While for the past thirteen years I have been earning my living as a freelance musician, I do still spend a lot of time running workshops in schools and before that was a local authority adviser, OFSTED inspector and worked as a class teacher in a few schools in three authorities in England. My work takes me into all sorts of schools from nursery/Foundation Stage through to KS4 and into sixth form and FE, so, having worked in hundreds of educational institutions over the years I feel some sympathy with the issues you are facing.

Thankfully, we are no longer gagged by Section 28 of the Local Government Act 1988, which prevented many professionals in schools from talking about being gay, even though the wording did not specifically outlaw it. However, you have some tough priorities to deal with over the next few years. Not only are you going to have to get through initial teacher training, but you have to survive your first year to gain qualified teacher status. I would suggest that you direct all your energy to reaching your goal of becoming a teacher and of learning the ropes of your chosen profession. Allowing anything to distract you from that can have devastating consequences on your career path.

My partner, princealbertofb, is a teacher in the French equivalent of sixth form and his approach is that his relationships and life outside school are private, but while he does not discuss his personal life, I am not exactly a secret! I have met most of his colleagues, I have talked to his students in his classes and I have been to the USA on an educational visit with many students from his school and we intend to take another group next year. In many of the schools I have worked in I have had occasion to share news about my partner (using maculine pronouns, of course) with adults in the school. I have often taken the opportunity to tackle homophobic comments head on among pupils, but I am in a privileged situation. I flit in and out of schools and do not have to face the same pupils day in and day out. I agree that we have a responsibility to stand up and be counted. Unless we offer those positive and real images of gay adults who is going to do it? Sometimes though, it pays to bide your time. My suggestion is to establish your credentials as a bona fide teacher. There are plenty of mistakes to be made learning the pedagogical ropes without "queering" your pitch by misjudging interventions in more personal situations.

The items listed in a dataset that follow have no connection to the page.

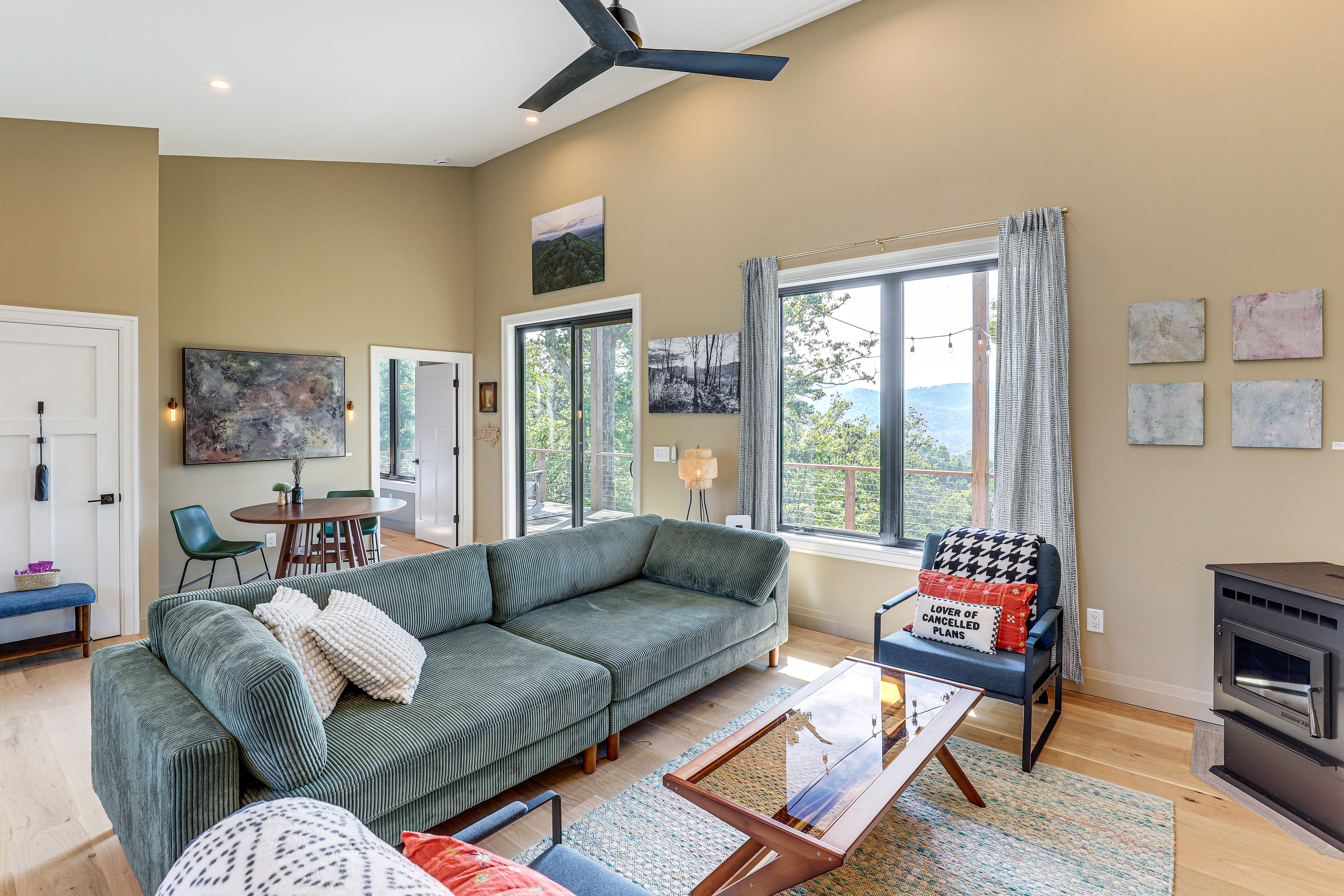 Nestled on the top of the ridgeline in the Blue Ridge Mountains, this private home is perfect for a couples getaway. Enjoy the panoramic mountain views off the rear deck or cozy up to the firepit with 360 degree views. This cottage is 15 minutes from downtown Asheville, 10 minutes to the Blue Ridge Parkway and 8 minutes to Weaverville's cute main street. This certified green built home has everything you need for a relaxing, romantic or adventure filled stay in the gorgeous Smoky Mountains.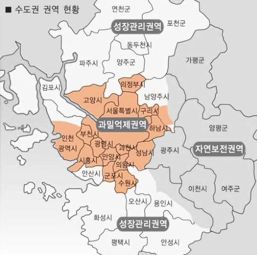 경기도는 크게 '과밀억제권역'과 '그 외 지역'으로 나뉩니다.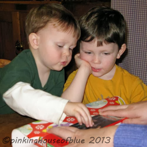Since the gift is from them, I thought that it was only appropriate that they wrap it too. Neither of them have ever wrapped a gift before, and I suppose you could say that they still haven't on their own. Mommy helped quite a bit, and one of the Care Bears has about 15 strips of tape on its nose, (which is nowhere near any of the places we needed tape) but they had fun. That's the most important part, right?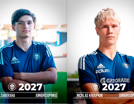 HJK on solminut juniorisopimukset Nicklas Kroupkinin ja Dion Zaberxhan kanssa. Molempien sopimus jatkuu kauden 2027 loppuun. Kaksikko on vuosikertaa 2009 ja pelaa tällä kaudella BSM-akatemiajoukkueessa.
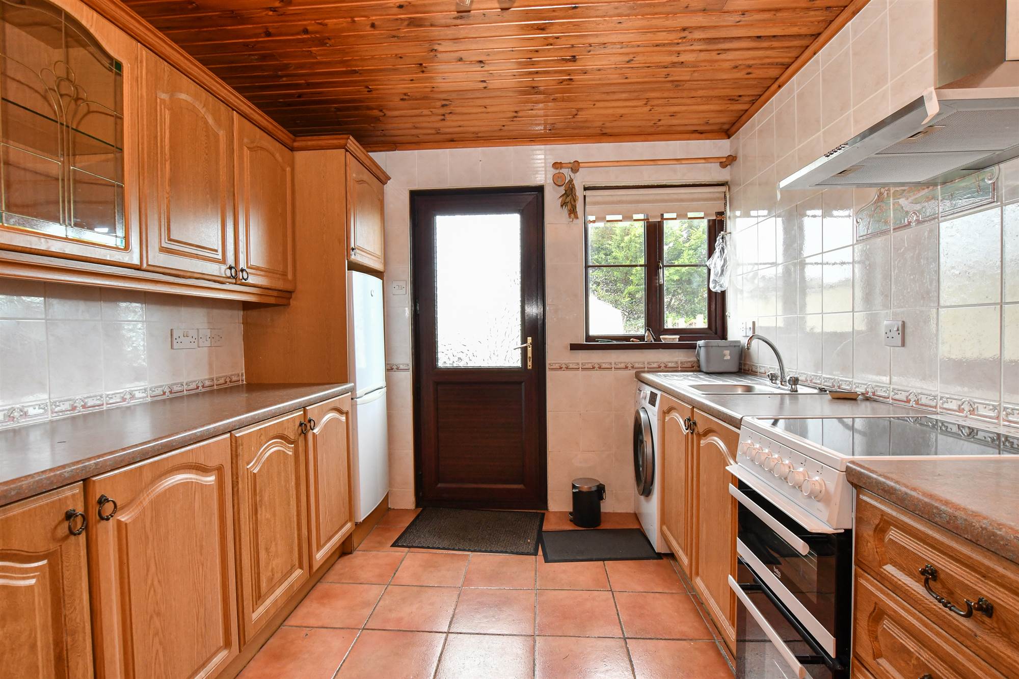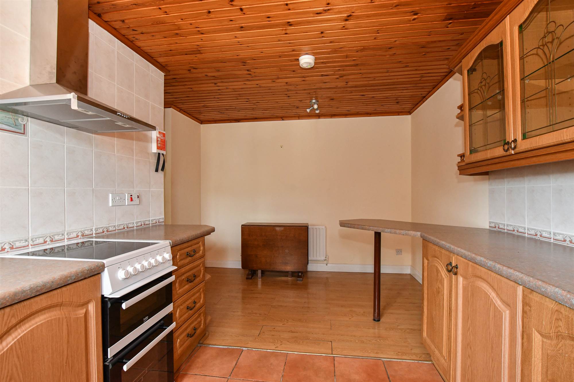 high and low level units with complimentary work-top, single drainer stainless steel sink unit, recess for cooker with extractor fan above, recess for washing machine, tongue & groove ceiling, tiled floor to kitchen and laminate flooring to dining, radiator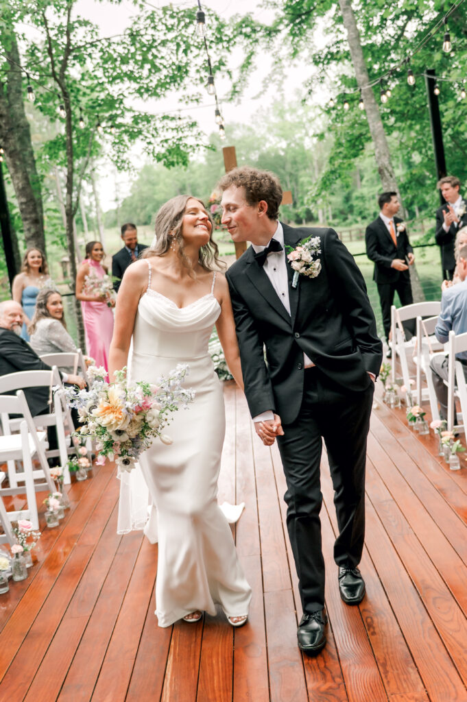 One of the most loved features of Piney Grove Ranch weddings is the option to host your ceremony beside the water. The bridal party walked down the grand stone steps onto the beautiful deck by the pond.

After your probationary year there will be plenty of opportunity to take on extra responsibilities including being prepared to contribute to developing the school's policy on dealing with homophobic incidents if you so wish. None of this need prevent you from being seen among pupils as approachable when they have questions, but make sure you know what the school's policies and practices are concerning counselling pupils. Every school is different; that is one of the joys of the work I do.

Best wishes to you and I wish you every success in pursuing such a tough and rewarding career. Feel free to contact me if you want to discuss anything off list and you think I might be able to help.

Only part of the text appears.